Instance-aware Semantic Segmentation via Multi-task Network Cascades
This work addresses the limitation of many semantic segmentation methods in identifying object instances, providing a faster and more accurate solution for computer vision applications.
The paper tackles the problem of instance-aware semantic segmentation, which identifies individual object instances, by proposing Multi-task Network Cascades that differentiate instances, estimate masks, and categorize objects in a shared feature structure, achieving state-of-the-art accuracy on PASCAL VOC with a testing time of 360ms per image using VGG-16, which is two orders of magnitude faster than previous systems.

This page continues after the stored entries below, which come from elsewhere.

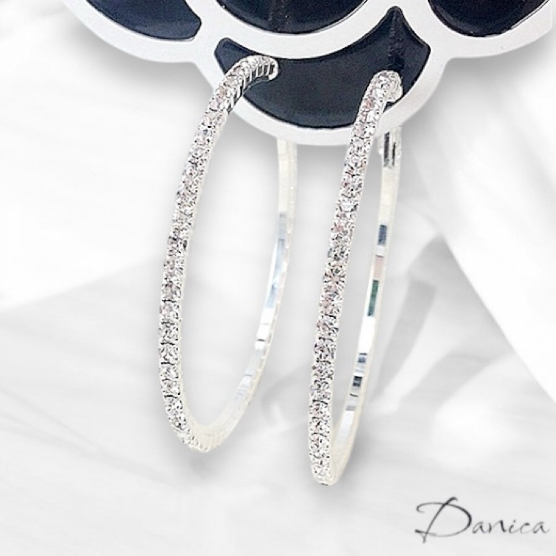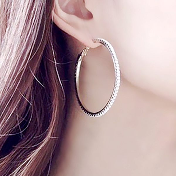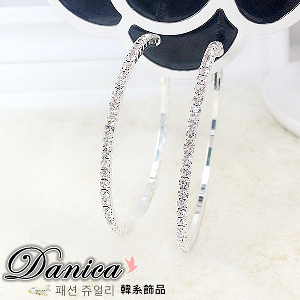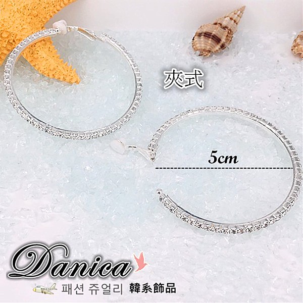 針式 夾式耳環 韓國女神氣質閃亮經典5CM大圓型抓鑲圓圈水鑽耳環 K90716 台灣出貨 Danica 韓系飾品如圖5cm夾式(無耳洞配戴)|如圖5cm針式Danica 韓系飾品 耳環
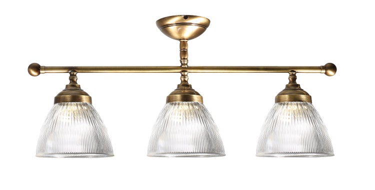 Deckenlampe Glas Messing 50 cm lang E27 in Bronze hell 3-flammig länglich Klassisch Deckenleuchte
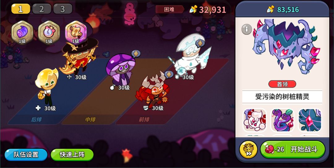 本期带来的阵容适用于第五章困难模式的所有地图,如果各位缺少某个饼干,可用同类型饼干进行替代即可。前排可以用同类型超稀有的防御或者突击替代,恢复饼干同理,输出饼干避免使用甜辣酱,其他输出饼干均可。
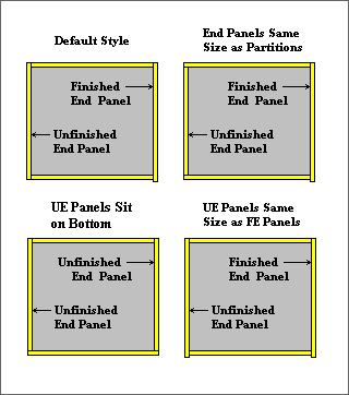 - UE Panels same height as FE Panels: If your unfinished end panels come down to the bottom of your face frame, like your finished end panels, check this box.
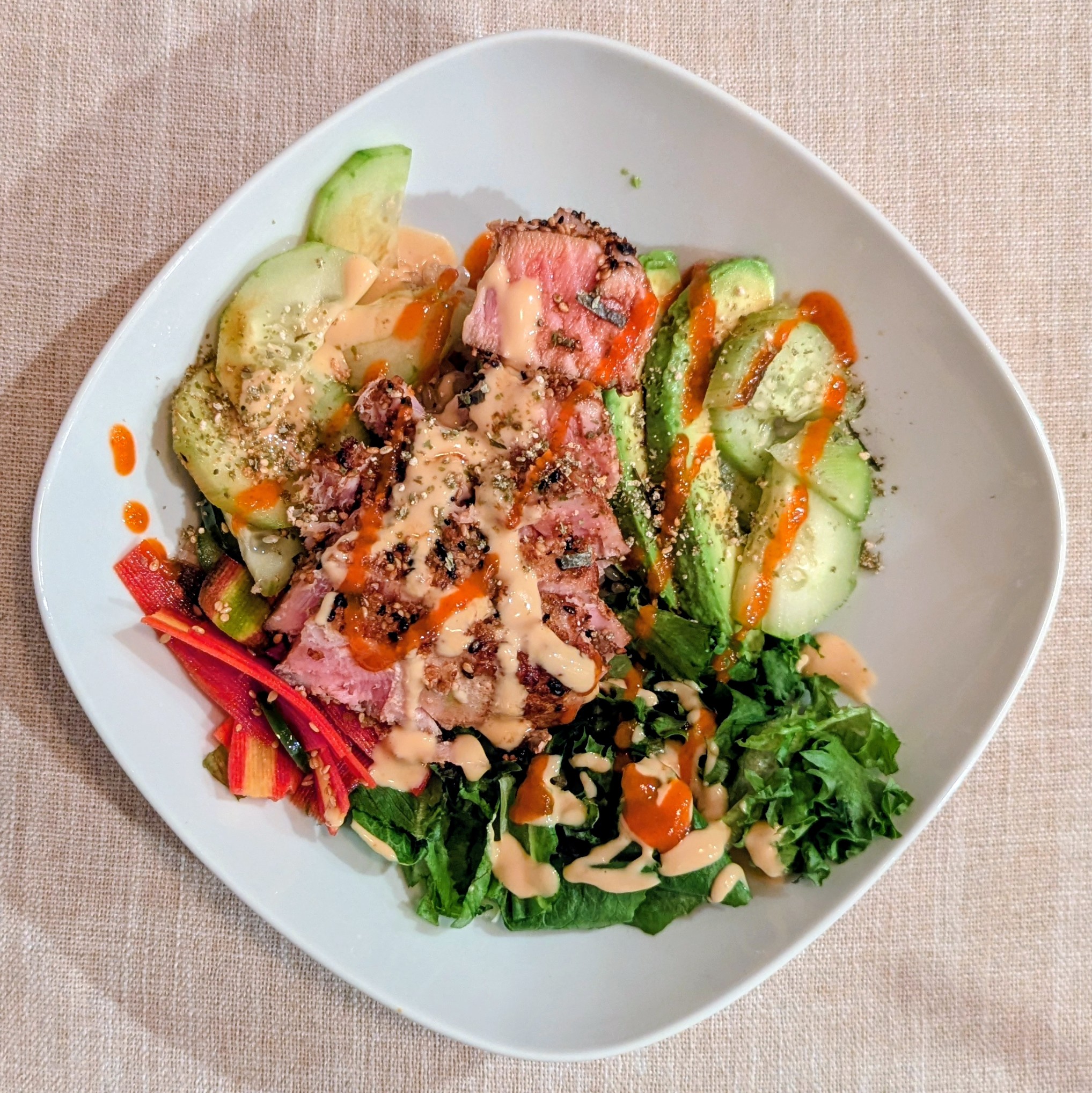 Tonight the kiddo and I made seared sesame tuna sushi bowls with seasoned brown rice, avocado, sesame carrot-jalapeno salad, mixed greens, cucumber, furikake, and creamy Sriracha dressing. I added kimchi to my bowl.
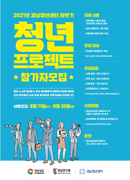 경상남도와 경남청년센터는 청년들의 지역사회 참여 활성화 및 활동 지원을 위한 ‘청년 프로젝트 지원 사업’에 참여할 6팀을 모집한다고 밝혔다.
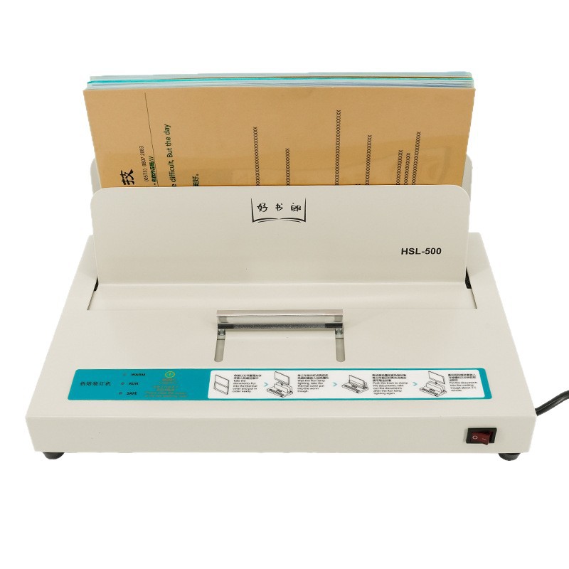 Product information: Name: Hot melt binding machine Binding capacity: 500 sheets (70g) Binding size: A4 specification Machine length, width and height: 380*240 * 183MM Current: 1A
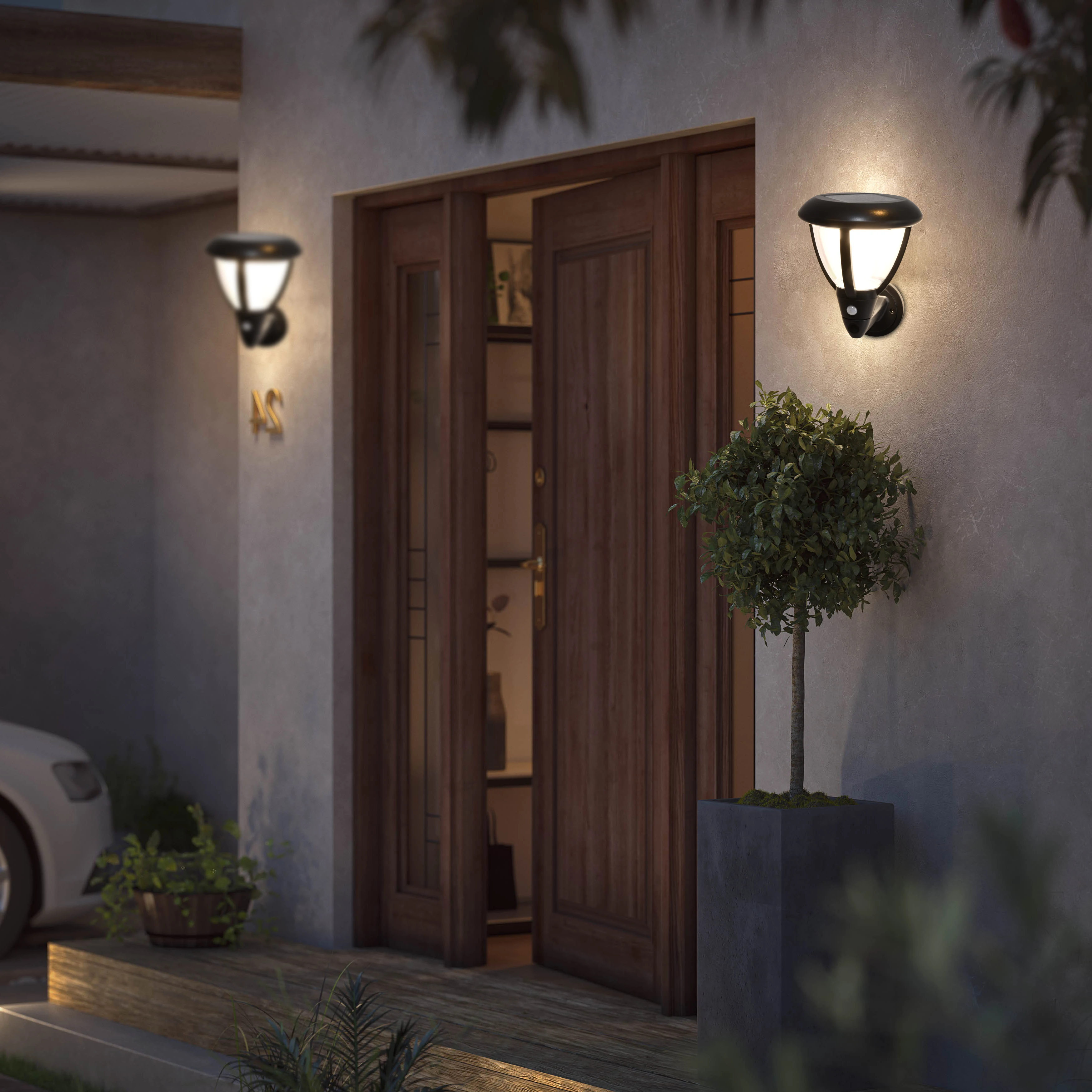 Vertak IP44 Waterproof Light Sensor Solar Powered Wall Bracket Light Human Body Sensing 0.55W Wall Lights for Home

Semantic segmentation research has recently witnessed rapid progress, but many leading methods are unable to identify object instances. In this paper, we present Multi-task Network Cascades for instance-aware semantic segmentation. Our model consists of three networks, respectively differentiating instances, estimating masks, and categorizing objects. These networks form a cascaded structure, and are designed to share their convolutional features. We develop an algorithm for the nontrivial end-to-end training of this causal, cascaded structure. Our solution is a clean, single-step training framework and can be generalized to cascades that have more stages. We demonstrate state-of-the-art instance-aware semantic segmentation accuracy on PASCAL VOC. Meanwhile, our method takes only 360ms testing an image using VGG-16, which is two orders of magnitude faster than previous systems for this challenging problem. As a by product, our method also achieves compelling object detection results which surpass the competitive Fast/Faster R-CNN systems. The method described in this paper is the foundation of our submissions to the MS COCO 2015 segmentation competition, where we won the 1st place.